第75章 新年番外(中)
“哈哈哈,就這麽定了呢。”三日月笑的雲淡風輕,悠然替大家敲定下了這個游戲。
他是底氣最足的。不管別人最初是怎麽看待的,他一誕生就發現了主公的疑點,後來通過了一些手段确定後,更加的沒有疑慮了。他的行動從來都是理直氣壯的。
“那麽,開始了?”狐之助在旁邊試探的開口。它覺得這種游戲挺好的,能幫助山姥切大人和大家增進對互相的了解。
山姥切國廣低下頭,拿起了筷子,準備吃面。在衆多刀劍付喪神期盼的眼神注視下,他的動作很僵硬,還是沒忍住擡頭,羞惱的低聲抗議:“……不要看着我。
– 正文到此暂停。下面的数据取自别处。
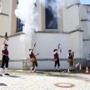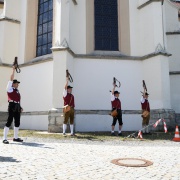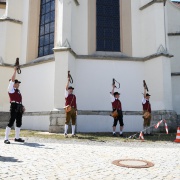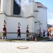 Auf dem Marktplatz in Schönberg fand der beginn des Auftakts durch die Böllerschützen Eberhardsreuth statt. Musikalische Begleitung gab es von der Marktkapelle Schönberg, der Blaskapelle Kirchdorf i. Wald, der Blaskapelle Innernzell und der Jagdhorn Bläsergruppe. Gegen 15:00 Uhr maschierte der Festzug über den unteren Marktplatz hoch zum Festzelt. Mit einer kurzen Begrüßung der Festwirtin Kornelia Kubitschek und dem Bieranstich durch den Schirmherren und 1. Bürgermeister Martin Pichler wurde das Fest offiziell eröffnet. Im Festzelt sorgte anschließend die Marktkapelle Schönberg für tolle Blasmusik. Am Abend gab es Stimmung im Festzelt mit der Band "D'MOOSNER".

現在是吃飯時間吧?”
在大家的注視下,他渾身都不舒服,更別提吃一次面玩一次游戲了,那樣好像要變成折磨了。
“吃,大家都開始吃吧!”發覺了自己失誤的鶴丸國永回過神,恍然的幫忙打圓場。白發付喪神鎮定的點着頭,摸着下巴沉吟,改了游戲規則,“嗯……雖然說是玩游戲,但不能因為這個讓主公吃不下飯吧?我們先進餐,可以等到吃完後主公想玩游戲的時候再去抽簽!”
“真的?”山姥切國廣投去懷疑的擔心眼神。但他發現這次刀劍付喪神們都忍住了迫切,紛紛勸他好好吃飯了——如果為了玩游戲來得知主公對他們的印象,導致主公的年夜飯吃的并不開心,那不就變成了本末倒置嗎?
這下山姥切國廣終于獲得了清淨的用餐時間。似乎是大家都清楚他的性格,餐桌上的氣氛還是熱烈的,但是沒有人向他搭話。山姥切國廣埋頭吃完了荞麥面,放下筷子後,他懷着一種愧疚心理,連忙拿起了那個禮盒。
——大廣間中的氛圍驟然一靜。
沒有人說話了,剛才熱鬧的環境似乎全是幻覺。在吃飯的、在聊天的、在打鬧的刀劍付喪神們的視線都同時停留在那枚禮盒上,毫不掩飾他們的期待。很明顯大家的心思都沒放在用餐上。
“來吧,山姥切大人!先抽一次。”狐之助搖着尾巴仰頭,看着白被單青年遲疑的伸了一只手進去。山姥切長義默默用手撐着額頭,在心中飛快默念:‘不要抽我……不要抽我……’半秒後,一份賀年紙被拿了出來,山姥切國廣的視線自然而然的落在紙張開頭,念出了名字:“給——加州清光?”
“啊。”歌仙兼定發出了一聲音節,無奈扶額,“主公……一定是直接拿起最上面那份了,我記得是這樣的順序。”
山姥切長義驟然松了口氣,放下手露出了笑容。
“主公一直很偏愛清光啊。”大和守安定不大高興的托住了下巴,側過頭去看身旁高興傻了的好友。加州清光呆呆坐着,難以置信的指着自己反問:“我、第一個是我嗎?”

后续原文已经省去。